### ASSIGNMENT
Reproduce from the records below, with no pictures, exactly the lines between the one containing "シャツ ブラウス レディース" and the one containing "Convertible -- This", inclusive.

### MATERIAL PROVIDED
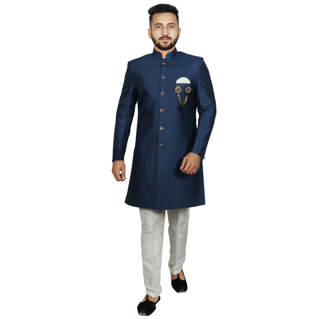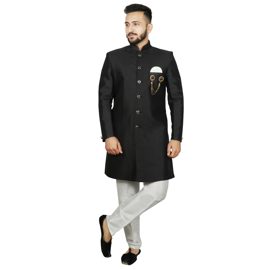 ब्लैक मेन सॉलिड इंडो शेरवानी
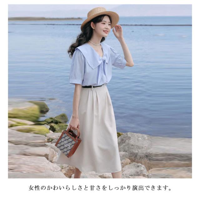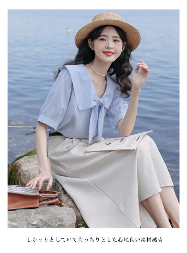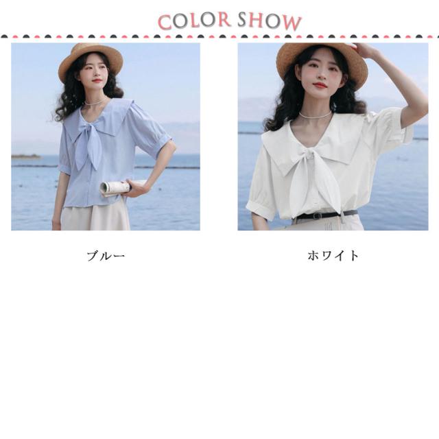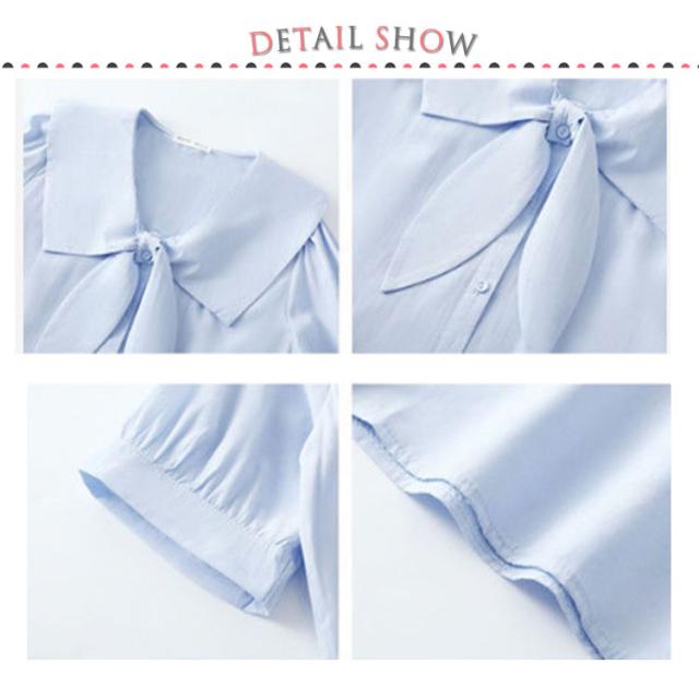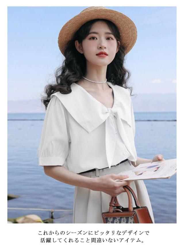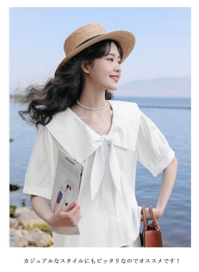 シャツ ブラウス レディース 半袖 カジュアル 襟付き 夏物 トップス リボン 無地 前開き かわいい インナー ゆったり 洗える 通学 制服 デート
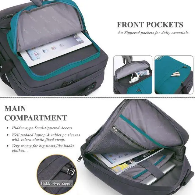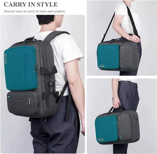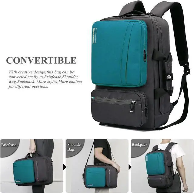 Convertible -- This multifunctional backpack features a top carry handle, a side carry handle and two hidden adjustable/detachable shoulder straps to offer multiple carrying options. With the buckles and hooks, you can convert it to backpack or single shoulder bag or briefcase according to your requirement.
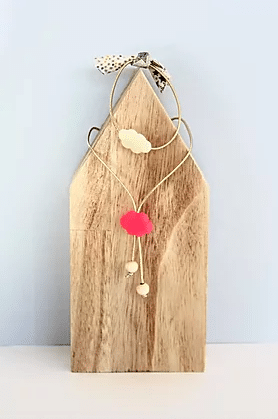 Retrouvez également dans ce kit de la feutrine 100% pure laine vierge certifiée oekotex pour fabriquer des pompons, mais aussi des perles de bois du jura, du ruban Liberty Of London, deux supports de bague et un magnifique cordon élastique doré fabriqué en Haute Loire.
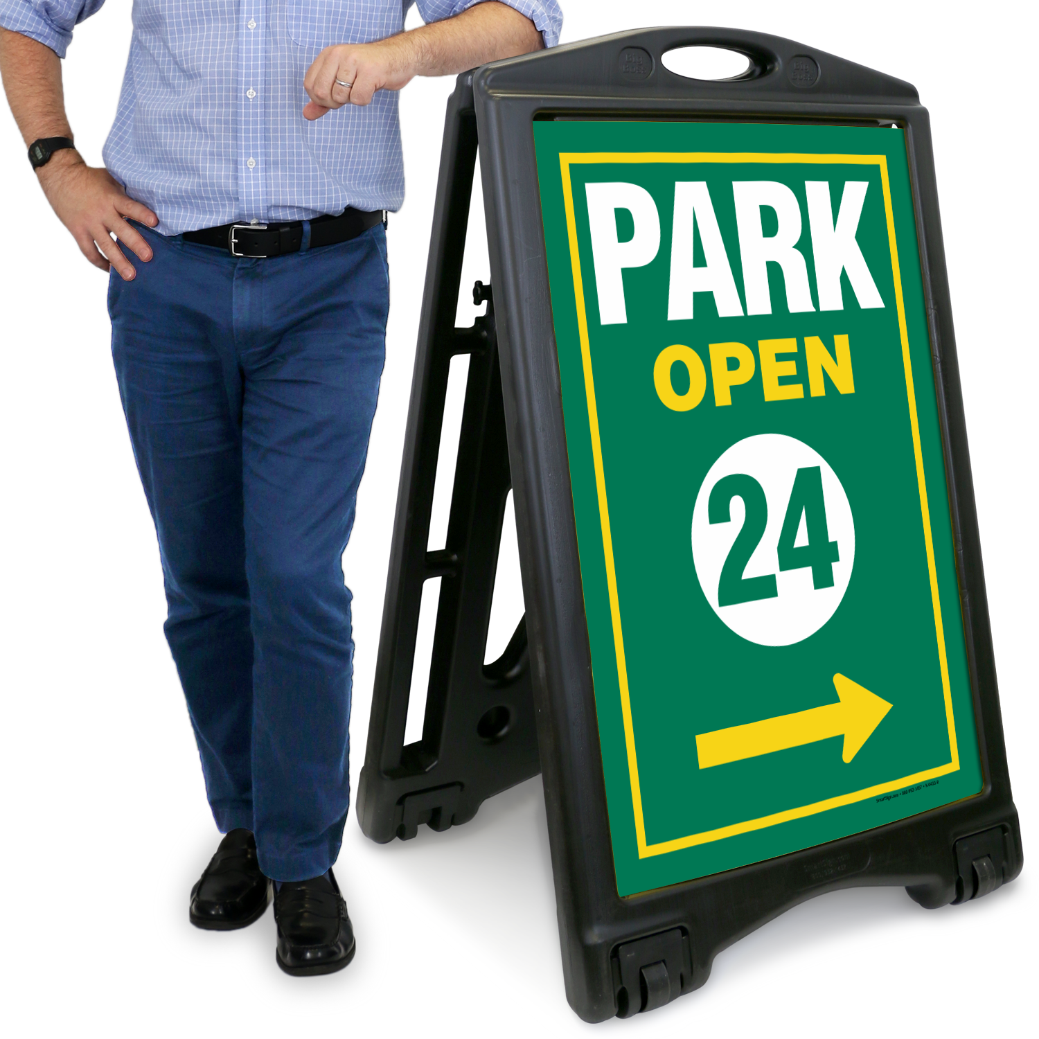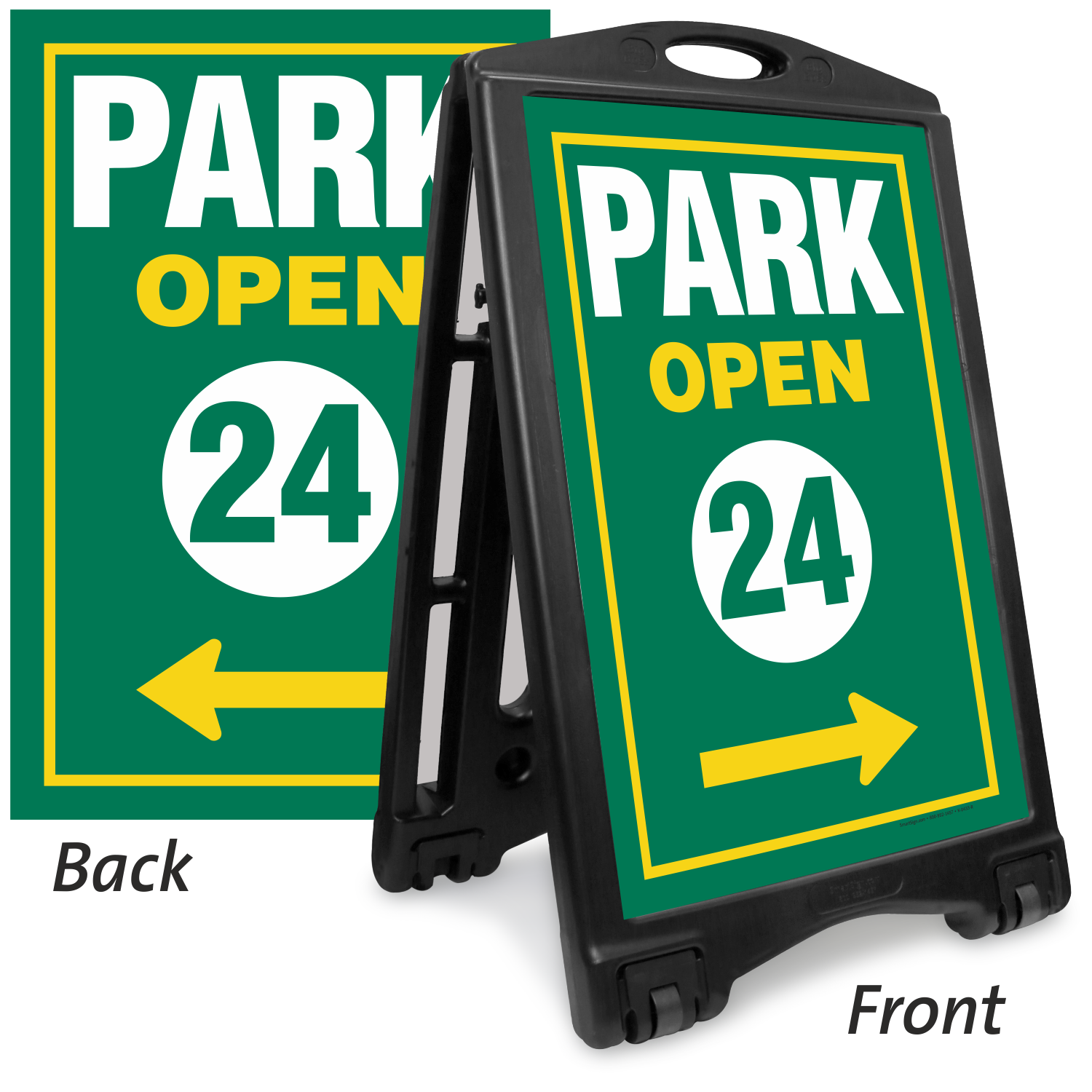 Install this Portable A-Frame Sidewalk Sign Kit and inform everyone that the park is open for 24 hours. This product with message on both the sides has applications in community or private parks.

### YOUR SOLUTION
 シャツ ブラウス レディース 半袖 カジュアル 襟付き 夏物 トップス リボン 無地 前開き かわいい インナー ゆったり 洗える 通学 制服 デート
 Convertible -- This multifunctional backpack features a top carry handle, a side carry handle and two hidden adjustable/detachable shoulder straps to offer multiple carrying options. With the buckles and hooks, you can convert it to backpack or single shoulder bag or briefcase according to your requirement.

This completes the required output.